• **Dataset excerpt**:
----------
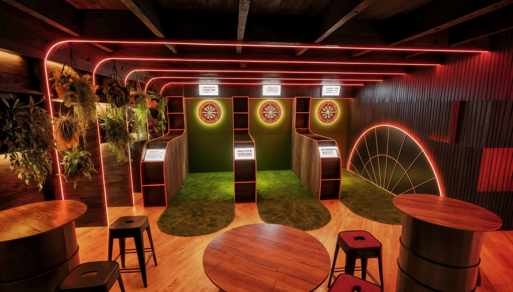 green fake grass carpet needs to be black on the left one a number one print on the middle one a number two print on the right one a number three print keep same atmosphere throughout the space
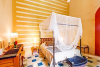 This astonishing restored hacienda was once a sisal factory and is now a heavenly collection of pools, buildings, and spaces beneath a blue sky filled with birds. There is space for everyone, whether by the pool, in one of the many garden spaces, up on the rooftop deck complete with stargazing platform, reading in a hammock or out by the bocci court. All the rooms are sizable and uniquely decorated in locally crafted furnishings and fabrics; the master bedroom is the cherry on the top, a 1,000sqft area with 20ft ceilings, a private soaking tub in the garden, and a sunken sitting area ideal for tequila tastings or late night videos. If you want to relax, chef and babysitting services are available at an extra charge.
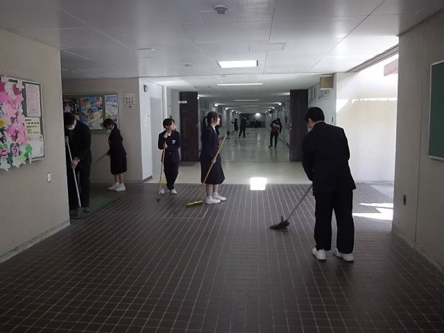 明日の卒業式にむけて掃除や会場つくりをしてくれています。
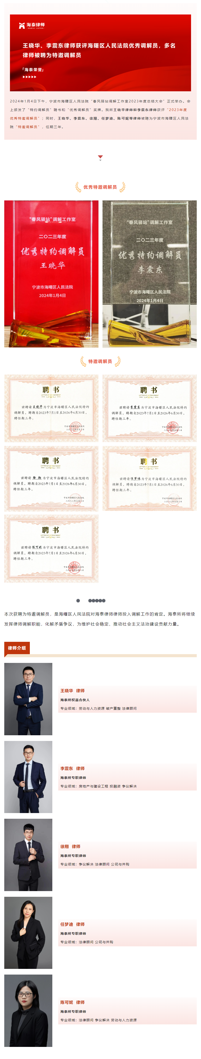王晓华、李震东律师获评海曙区人民法院优秀调解员,多名律师被聘为特邀调解员
----------
• **Task to complete**: With pictures excluded, copy exactly the lines from the line containing "This astonishing restored" through the last line of the listing above, both ends included.

• **Answer for the task**:
 This astonishing restored hacienda was once a sisal factory and is now a heavenly collection of pools, buildings, and spaces beneath a blue sky filled with birds. There is space for everyone, whether by the pool, in one of the many garden spaces, up on the rooftop deck complete with stargazing platform, reading in a hammock or out by the bocci court. All the rooms are sizable and uniquely decorated in locally crafted furnishings and fabrics; the master bedroom is the cherry on the top, a 1,000sqft area with 20ft ceilings, a private soaking tub in the garden, and a sunken sitting area ideal for tequila tastings or late night videos. If you want to relax, chef and babysitting services are available at an extra charge.
 明日の卒業式にむけて掃除や会場つくりをしてくれています。
王晓华、李震东律师获评海曙区人民法院优秀调解员,多名律师被聘为特邀调解员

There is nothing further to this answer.